Exercise inputs =>
Content starts
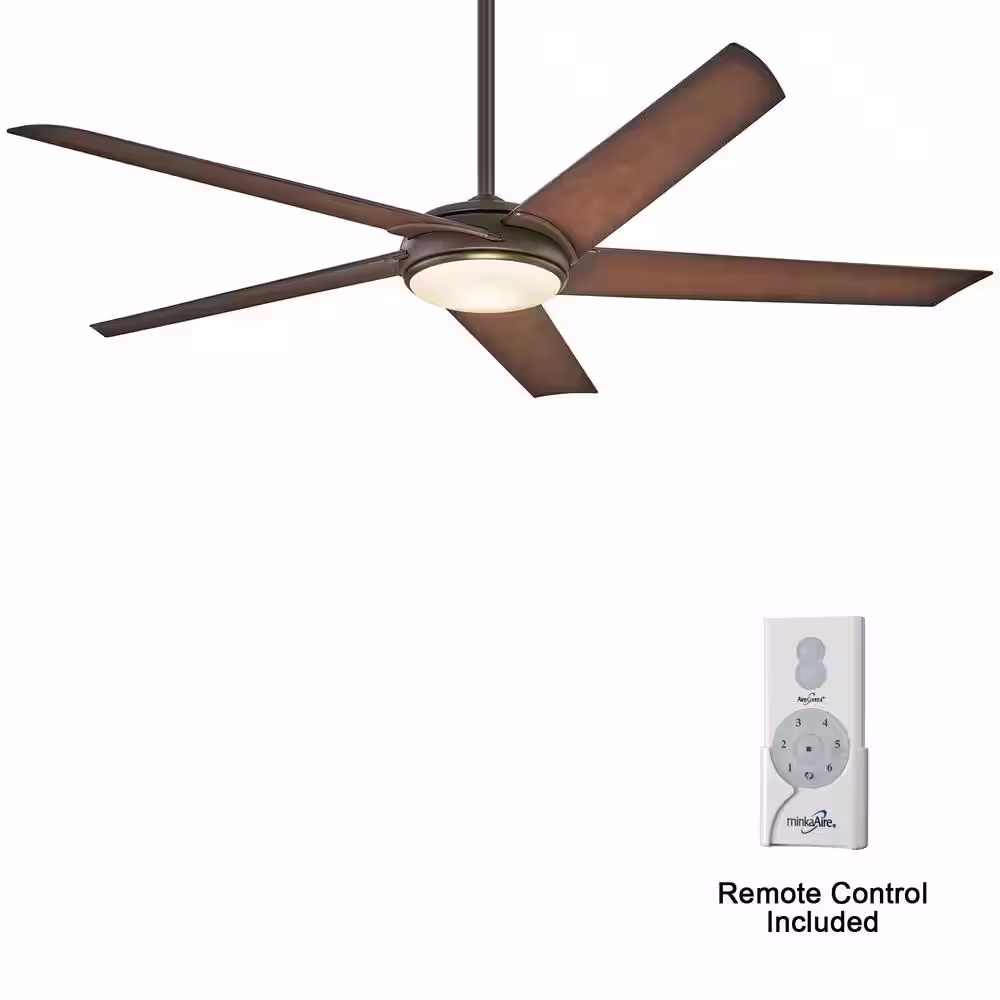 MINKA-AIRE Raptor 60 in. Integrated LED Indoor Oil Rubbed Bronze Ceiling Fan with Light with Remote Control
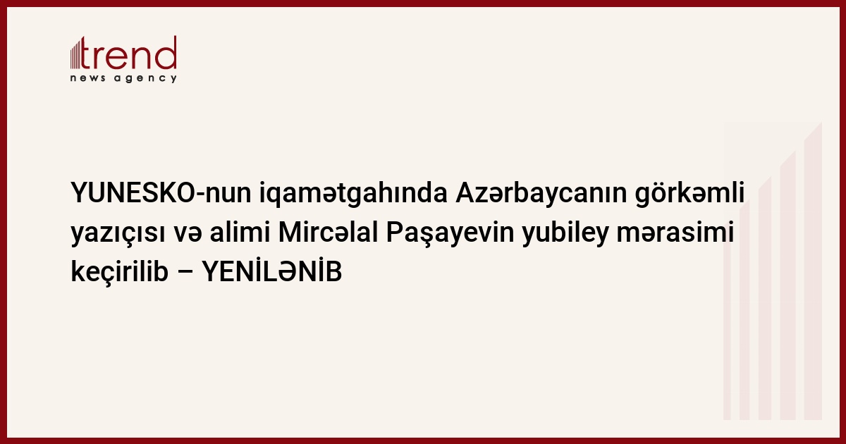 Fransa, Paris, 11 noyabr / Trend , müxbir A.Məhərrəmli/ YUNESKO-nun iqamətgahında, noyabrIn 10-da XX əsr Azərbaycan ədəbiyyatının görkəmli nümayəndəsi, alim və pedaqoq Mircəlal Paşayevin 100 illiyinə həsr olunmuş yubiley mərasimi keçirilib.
Content ends
Content starts
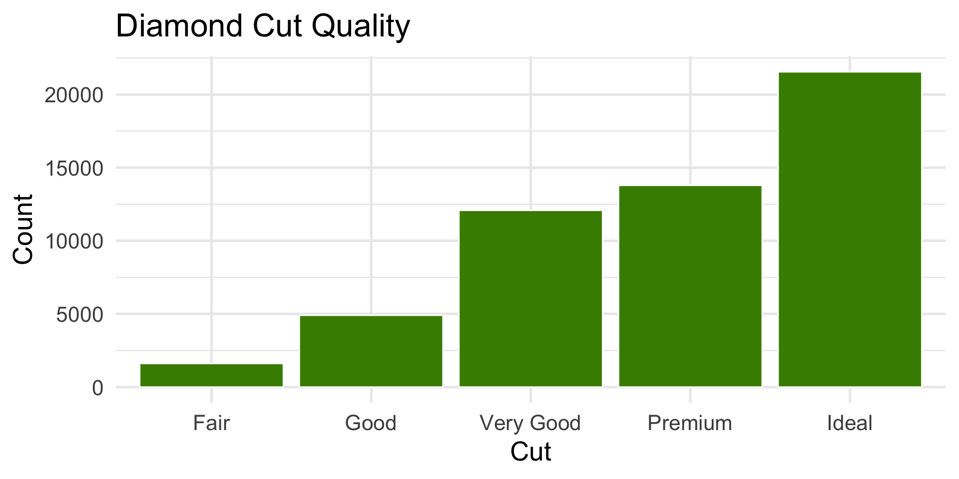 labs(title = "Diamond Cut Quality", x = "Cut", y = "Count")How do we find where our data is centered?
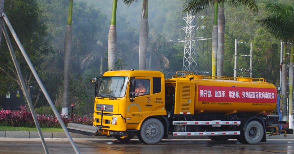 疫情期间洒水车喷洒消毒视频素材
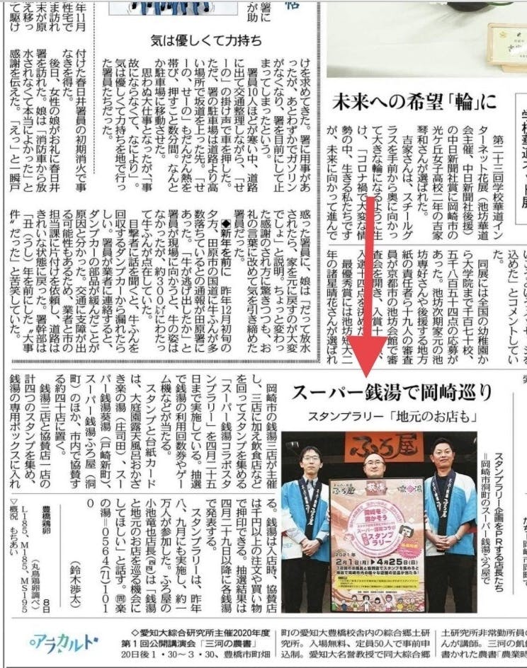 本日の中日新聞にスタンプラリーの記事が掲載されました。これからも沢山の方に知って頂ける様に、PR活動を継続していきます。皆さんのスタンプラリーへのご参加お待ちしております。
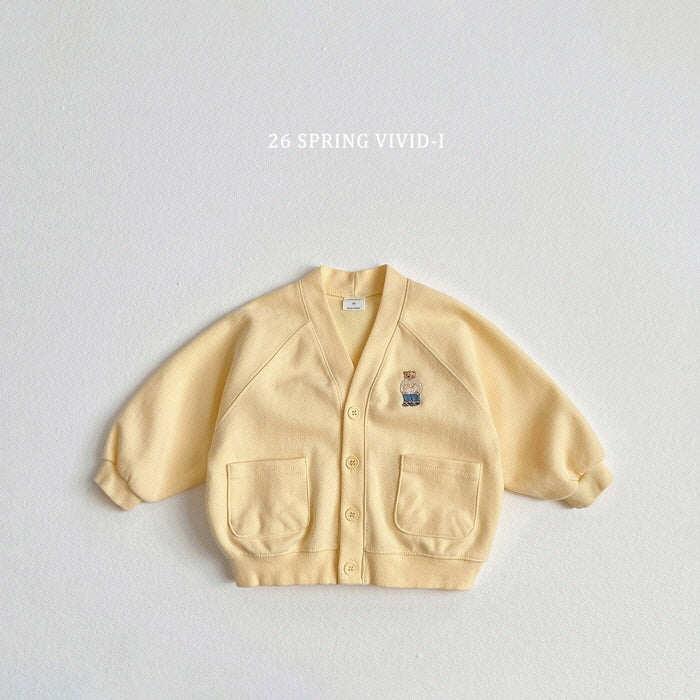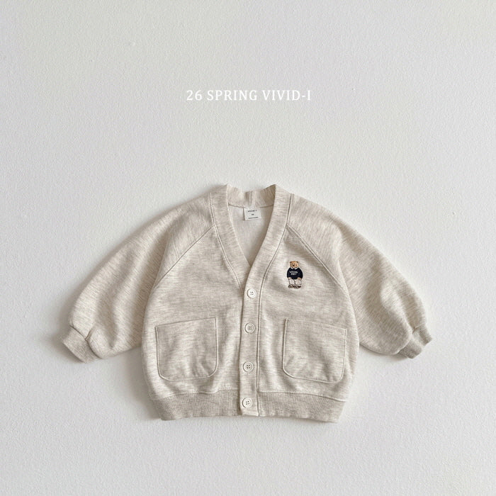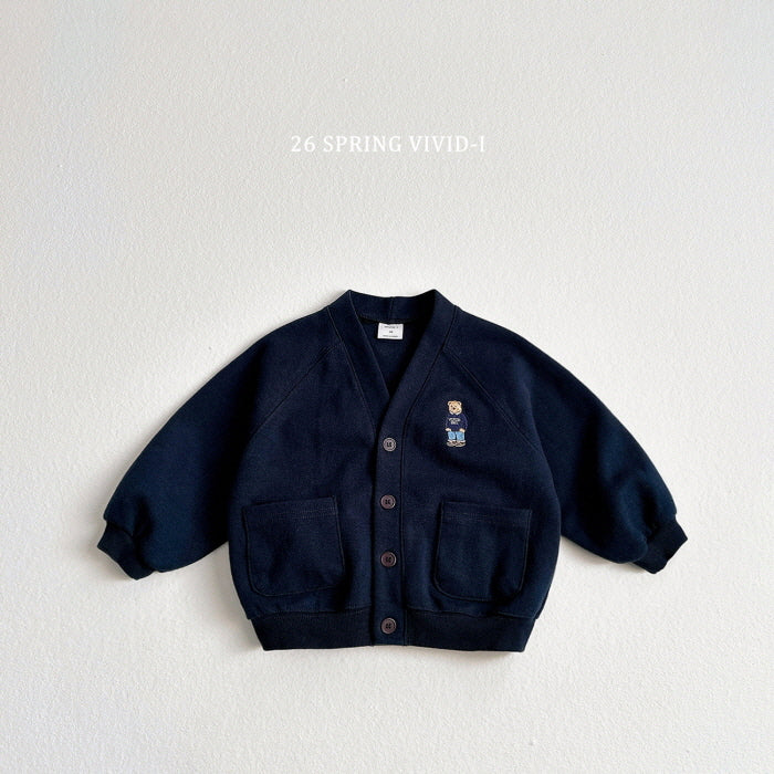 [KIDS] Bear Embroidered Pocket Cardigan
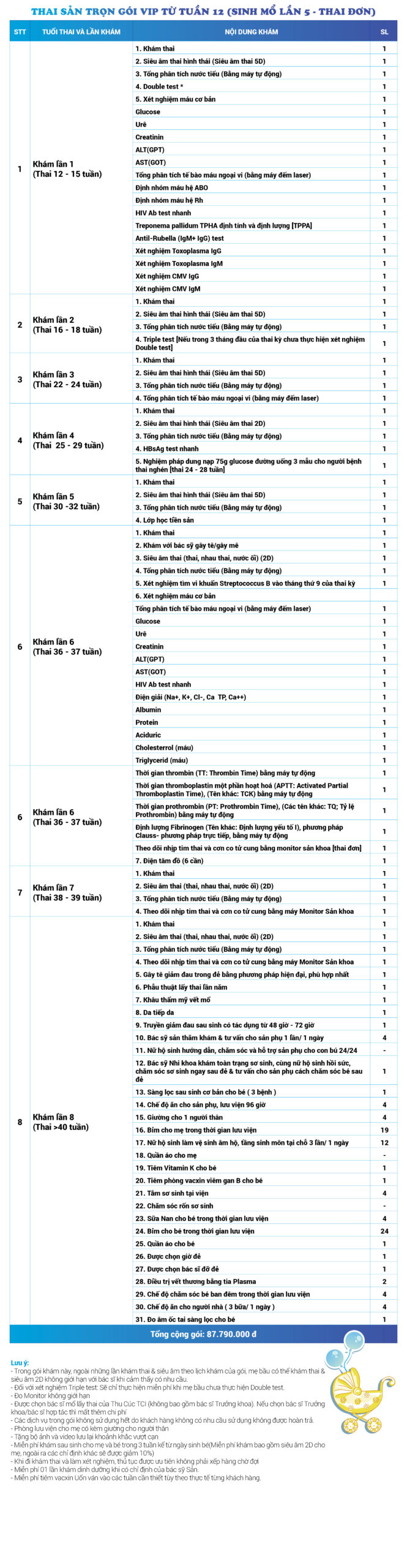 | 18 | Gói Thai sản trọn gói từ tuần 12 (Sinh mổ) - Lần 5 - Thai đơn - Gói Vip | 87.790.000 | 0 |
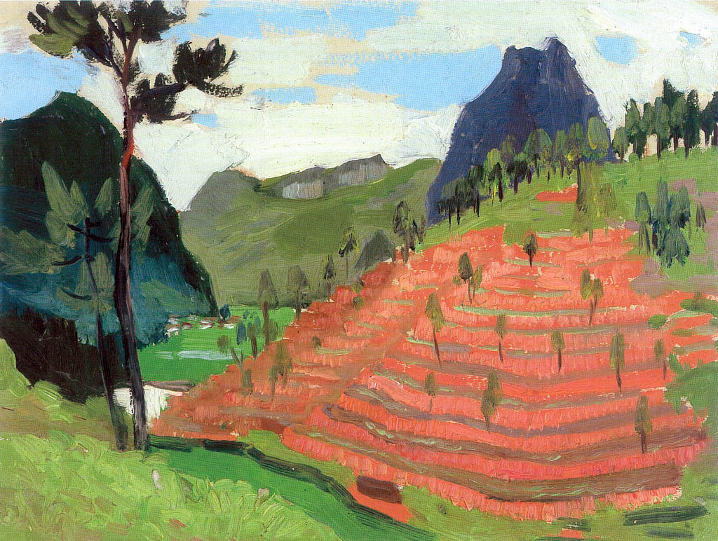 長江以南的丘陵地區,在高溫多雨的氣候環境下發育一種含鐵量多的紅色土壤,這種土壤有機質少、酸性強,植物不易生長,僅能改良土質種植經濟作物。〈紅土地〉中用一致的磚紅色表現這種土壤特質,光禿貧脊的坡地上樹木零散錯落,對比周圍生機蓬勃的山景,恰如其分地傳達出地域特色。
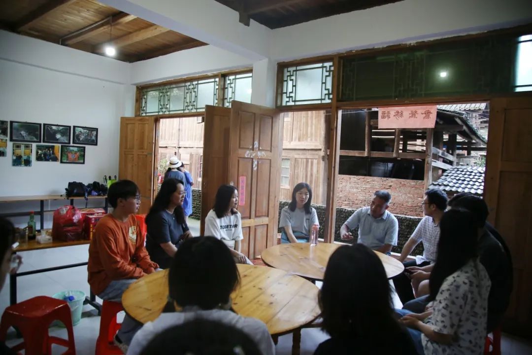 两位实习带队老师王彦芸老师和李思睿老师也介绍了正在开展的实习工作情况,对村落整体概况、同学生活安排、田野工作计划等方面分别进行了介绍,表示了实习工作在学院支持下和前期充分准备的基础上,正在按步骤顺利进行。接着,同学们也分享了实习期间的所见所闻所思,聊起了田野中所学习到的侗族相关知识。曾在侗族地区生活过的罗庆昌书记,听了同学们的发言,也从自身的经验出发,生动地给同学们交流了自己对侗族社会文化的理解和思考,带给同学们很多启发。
Content ends
Exercise prompt => Look above for the line with "data is centered?" and the line with "两位实习带队老师王彦芸老师和". Copy them and every line between, exactly, but no pictures.

Problem solution =>
 labs(title = "Diamond Cut Quality", x = "Cut", y = "Count")How do we find where our data is centered?
 疫情期间洒水车喷洒消毒视频素材
 本日の中日新聞にスタンプラリーの記事が掲載されました。これからも沢山の方に知って頂ける様に、PR活動を継続していきます。皆さんのスタンプラリーへのご参加お待ちしております。
 [KIDS] Bear Embroidered Pocket Cardigan
 | 18 | Gói Thai sản trọn gói từ tuần 12 (Sinh mổ) - Lần 5 - Thai đơn - Gói Vip | 87.790.000 | 0 |
 長江以南的丘陵地區,在高溫多雨的氣候環境下發育一種含鐵量多的紅色土壤,這種土壤有機質少、酸性強,植物不易生長,僅能改良土質種植經濟作物。〈紅土地〉中用一致的磚紅色表現這種土壤特質,光禿貧脊的坡地上樹木零散錯落,對比周圍生機蓬勃的山景,恰如其分地傳達出地域特色。
 两位实习带队老师王彦芸老师和李思睿老师也介绍了正在开展的实习工作情况,对村落整体概况、同学生活安排、田野工作计划等方面分别进行了介绍,表示了实习工作在学院支持下和前期充分准备的基础上,正在按步骤顺利进行。接着,同学们也分享了实习期间的所见所闻所思,聊起了田野中所学习到的侗族相关知识。曾在侗族地区生活过的罗庆昌书记,听了同学们的发言,也从自身的经验出发,生动地给同学们交流了自己对侗族社会文化的理解和思考,带给同学们很多启发。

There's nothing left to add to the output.